Yes, You can for example find one stack inside a computer. The inorganic
level in a computer is not made of atoms and molecules, but by ones and
zeros. The laws of nature doesn't include gravity and electromagnetism
but only boolean logic such as and, or, not, etc. Computer viruses are a
very simple form of biological patterns built using those ones, zeros
and computer logic.
What's the point?
The point is to be able to recognize which stack each of us is using,
and then adapt one's argument when discussing the MoQ with someone else.
When you get to know these different stacks, it becomes pretty clear who
is primarily using which stack.
For example, the SOL people are, I think, exclusively using what I call
the human perspective stack. It even goes so far as to subsume the
entire universal stack into their intellectual level. But as we can see
here, it's actually not SOM they are subsuming, it's the universal stack.
For myself, I'm almost always using the universal stack. I'm trying to
discuss matters from the human perspective as well, but it mostly ends
up in a disagreement when I try to show some aspect of the level from
some other stack. It was such a relief to discuss this with Andy because
we could both move very easily between stacks without having to yell at
each other. If more people could do the same, we'd be having a great
time here very soon.
The computer stack is of somewhat limited use here since there aren't
that many here who are fluent in boolean logic and can understand what
it means to use that instead of our physical laws.

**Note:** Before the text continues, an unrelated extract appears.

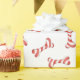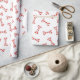 This gift wrap features a red and white watercolored Candy Cane striped dog bone on a bright white background. Perfect for the dog lover in your life.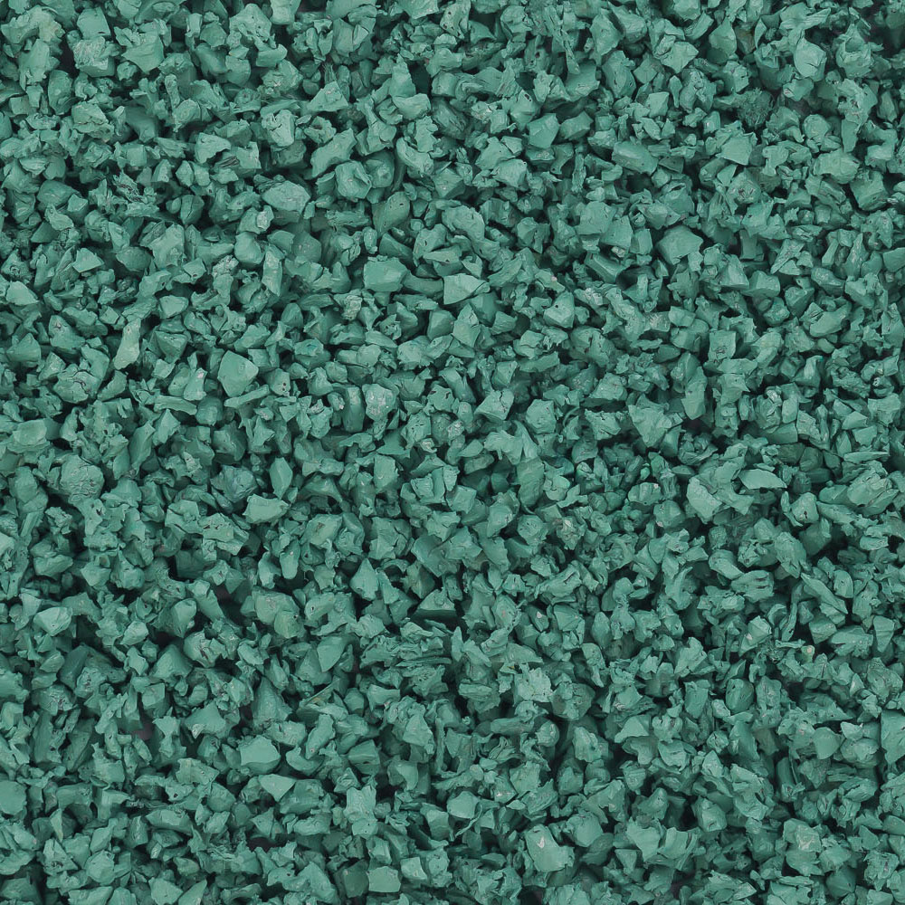 SBR-крошка мятно-зеленого цвета — это современный полимерный материал на основе каучука, долговечный, эстетичный и один из наиболее доступных по цене благодаря простой технологии производства и недорогому сырью. В его качестве выступают переработанные автомобильные покрышки, которые обретают вторую жизнь в виде покрытия для спортивных и детских площадок, пешеходных зон и велодорожек, используются для дизайна общественных пространств и создания игровых объектов. SBR-крошка прослужит не менее 10-15 лет практически без внешних изменений.

Another cool thing about these stacks is that it gives us an opportunity
to examine the levels much more, and to really see if they can stand the
pressure from being tried out in every imaginable way. For example, the
inorganic level in the universal stack are built using atoms and our
physical laws, but the inorganic level in a computer is built using a
completely different set of stuff and laws. Can we define an inorganic
level that is general enough to support both of these stacks (and every
other stack we can find, or imagine)? If we can, the MoQ would truly
deserve the name meta-physics, because it would support not just one,
but any physics.
Perhaps Andy has some things to add here? I'm sure there are lots of fun
stuff to add about stacks and how to use them.